Recorded data:
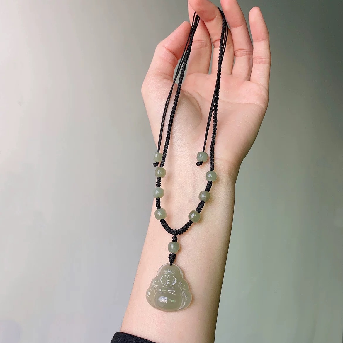 正品原创天然和田玉吊坠女项链玉佛弥勒佛大肚笑佛玉石玉佩佛公
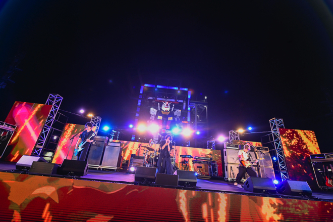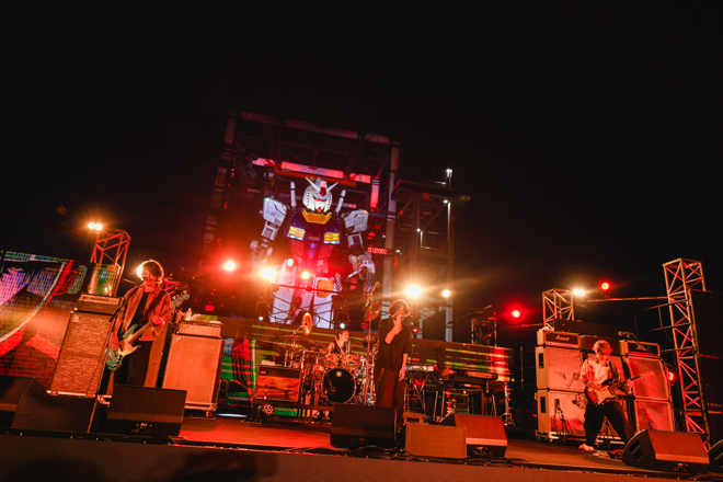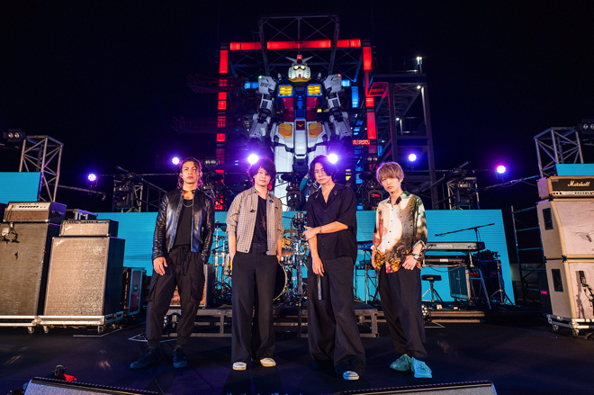 同イベントでは彼らが主題歌を担当する映画『機動戦士ガンダム 閃光のハサウェイ』の上映と共に、全高18メートルの“動くガンダム”がそびえる神奈川県横浜市の「GUNDAM FACTORY YOKOHAMA」でのライブの模様を生中継。主題歌「閃光」と「閃光 (English ver.)」を含む4曲のパフォーマンスが披露された。以下、そのオフィシャルレポートをお届けする。
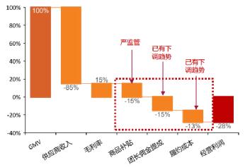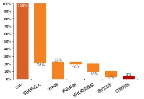 从社区电商的成本结构来看,主要是三个环节:商品、履约和获客。目前行业的整体商品毛利率是15%左右,整体并不高,因为社区电商经营的品类以水果、蔬菜等生鲜为主,基本都是毛利率不高的高频消费商品;且定位为下沉市场,本身零售价格并不高。这样的毛利率给履约和获客留下的利润空间就十分有限了。
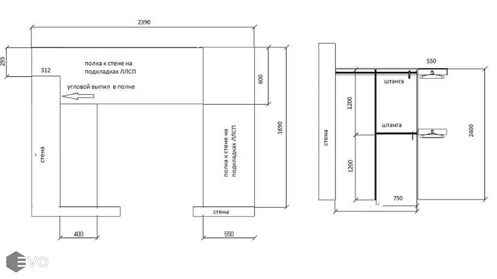 Гардеробная и тумба РТ230203
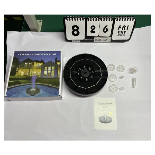 - Ogrodowa fontanna solarna przeznaczona do małych oczek wodnych i innych sztucznych zbiorników wodnych. Pompa wodna pomaga utrzymać równowagę biologiczną w oczku wodnym poprzez odpowiednie napowietrzenie wody, ciągły ruch wody zapobiega jej mętnieniu oraz zarastaniu.
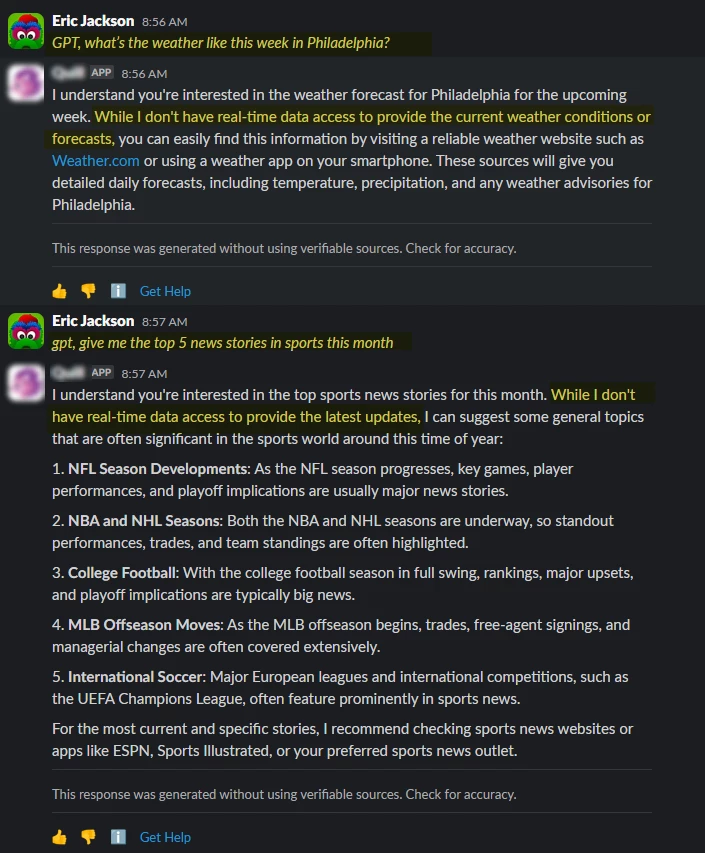 To run a web search, simply add “gpt” at the start of your question and ask a question about the weather, current events, or the latest developments in an area of interest.
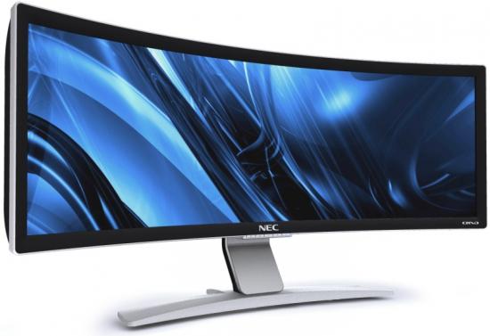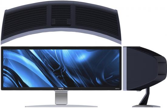 Wie de 21:9 Cinemascope TV van Philips al breed vond kan z'n ogen uitkijken bij NEC's nieuwste creatie op het gebied van monitoren. Het bedrijf presenteert haar 43-inch CRV43 ultra-widescreen monitor, die met een beeldverhouding van 32:10 tweemaal zo breed is als een reguliere widescreen monitor. Het scherm is bovendien voorzien van een kromming, die de monitor een diepte van ruim 38 cm geeft, en die de kijker een ongekende visuele ervaring moet bieden.
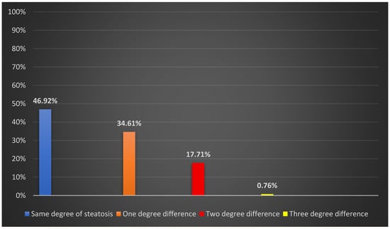 Background: Discrepancies are frequently observed between liver steatosis grading assessed by conventional B-mode ultrasonography and vibration-controlled transient elastography (VCTE) with controlled attenuation parameter (CAP). This study aimed to identify factors associated with these differences and to evaluate whether the two imaging methods provide comparable steatosis classifications. Methods: We conducted a retrospective cross-sectional observational study including 130 hospitalized patients evaluated over a two-year period who underwent laboratory testing, abdominal ultrasonography, and transient elastography. The analyzed variables included demographic characteristics, nutritional status, comorbidities, and biochemical parameters such as alanine aminotransferase (ALAT), total cholesterol, triglycerides, gamma-glutamyl transferase (GGT), and the fibrosis-4 index (FIB-4). Patients were classified into two groups: concordant steatosis grading between the two methods (n = 61) and discordant results (n = 69). Results: Concordant steatosis grading was more frequently observed in patients with serum total cholesterol > 200 mg/dL (45.9%) and FIB-4 values between 1.45–3.25 (44.2%). A trend toward higher concordance was also observed in patients with elevated triglycerides. In contrast, viral liver disease was significantly associated with discordant results (26.2%). Higher fibrosis stages assessed by VCTE (F ≥ 2) and FIB-4 values > 3.25 showed a non-significant trend toward discordance. Conclusions: Several clinical and biochemical factors influence the agreement between ultrasound and VCTE-based CAP in the assessment of hepatic steatosis. Elevated cholesterol and intermediate FIB-4 values were associated with concordant results, whereas viral liver disease was associated with discordance between the two imaging modalities.
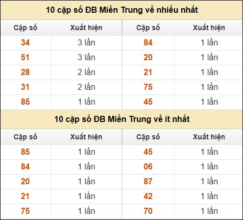 ⚡ 10 cặp số ĐB XSMT về nhiều nhất/ ít nhất tính dến ngày 10/12/2025:
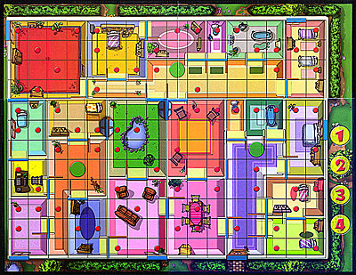 Malgré ça, le jeu souffre d'une trés mauvaise lisibilité du plateau de jeu, qui en plus d'être petit, est doté de couleurs trop vives qui le font ressembler à un patchwork. Cette mauvaise lisibilité nuit grandement à la fluidité des parties (on a un mal fou à distinguer les portes et autres fenètres au milieu de cet amas de couleurs).

ASSIGNED TASK: Could you please write out the entries exactly as they are, with every picture left out?

TASK SOLUTION:
 正品原创天然和田玉吊坠女项链玉佛弥勒佛大肚笑佛玉石玉佩佛公
 同イベントでは彼らが主題歌を担当する映画『機動戦士ガンダム 閃光のハサウェイ』の上映と共に、全高18メートルの“動くガンダム”がそびえる神奈川県横浜市の「GUNDAM FACTORY YOKOHAMA」でのライブの模様を生中継。主題歌「閃光」と「閃光 (English ver.)」を含む4曲のパフォーマンスが披露された。以下、そのオフィシャルレポートをお届けする。
 从社区电商的成本结构来看,主要是三个环节:商品、履约和获客。目前行业的整体商品毛利率是15%左右,整体并不高,因为社区电商经营的品类以水果、蔬菜等生鲜为主,基本都是毛利率不高的高频消费商品;且定位为下沉市场,本身零售价格并不高。这样的毛利率给履约和获客留下的利润空间就十分有限了。
 Гардеробная и тумба РТ230203
 - Ogrodowa fontanna solarna przeznaczona do małych oczek wodnych i innych sztucznych zbiorników wodnych. Pompa wodna pomaga utrzymać równowagę biologiczną w oczku wodnym poprzez odpowiednie napowietrzenie wody, ciągły ruch wody zapobiega jej mętnieniu oraz zarastaniu.
 To run a web search, simply add “gpt” at the start of your question and ask a question about the weather, current events, or the latest developments in an area of interest.
 Wie de 21:9 Cinemascope TV van Philips al breed vond kan z'n ogen uitkijken bij NEC's nieuwste creatie op het gebied van monitoren. Het bedrijf presenteert haar 43-inch CRV43 ultra-widescreen monitor, die met een beeldverhouding van 32:10 tweemaal zo breed is als een reguliere widescreen monitor. Het scherm is bovendien voorzien van een kromming, die de monitor een diepte van ruim 38 cm geeft, en die de kijker een ongekende visuele ervaring moet bieden.
 Background: Discrepancies are frequently observed between liver steatosis grading assessed by conventional B-mode ultrasonography and vibration-controlled transient elastography (VCTE) with controlled attenuation parameter (CAP). This study aimed to identify factors associated with these differences and to evaluate whether the two imaging methods provide comparable steatosis classifications. Methods: We conducted a retrospective cross-sectional observational study including 130 hospitalized patients evaluated over a two-year period who underwent laboratory testing, abdominal ultrasonography, and transient elastography. The analyzed variables included demographic characteristics, nutritional status, comorbidities, and biochemical parameters such as alanine aminotransferase (ALAT), total cholesterol, triglycerides, gamma-glutamyl transferase (GGT), and the fibrosis-4 index (FIB-4). Patients were classified into two groups: concordant steatosis grading between the two methods (n = 61) and discordant results (n = 69). Results: Concordant steatosis grading was more frequently observed in patients with serum total cholesterol > 200 mg/dL (45.9%) and FIB-4 values between 1.45–3.25 (44.2%). A trend toward higher concordance was also observed in patients with elevated triglycerides. In contrast, viral liver disease was significantly associated with discordant results (26.2%). Higher fibrosis stages assessed by VCTE (F ≥ 2) and FIB-4 values > 3.25 showed a non-significant trend toward discordance. Conclusions: Several clinical and biochemical factors influence the agreement between ultrasound and VCTE-based CAP in the assessment of hepatic steatosis. Elevated cholesterol and intermediate FIB-4 values were associated with concordant results, whereas viral liver disease was associated with discordance between the two imaging modalities.
 ⚡ 10 cặp số ĐB XSMT về nhiều nhất/ ít nhất tính dến ngày 10/12/2025:
 Malgré ça, le jeu souffre d'une trés mauvaise lisibilité du plateau de jeu, qui en plus d'être petit, est doté de couleurs trop vives qui le font ressembler à un patchwork. Cette mauvaise lisibilité nuit grandement à la fluidité des parties (on a un mal fou à distinguer les portes et autres fenètres au milieu de cet amas de couleurs).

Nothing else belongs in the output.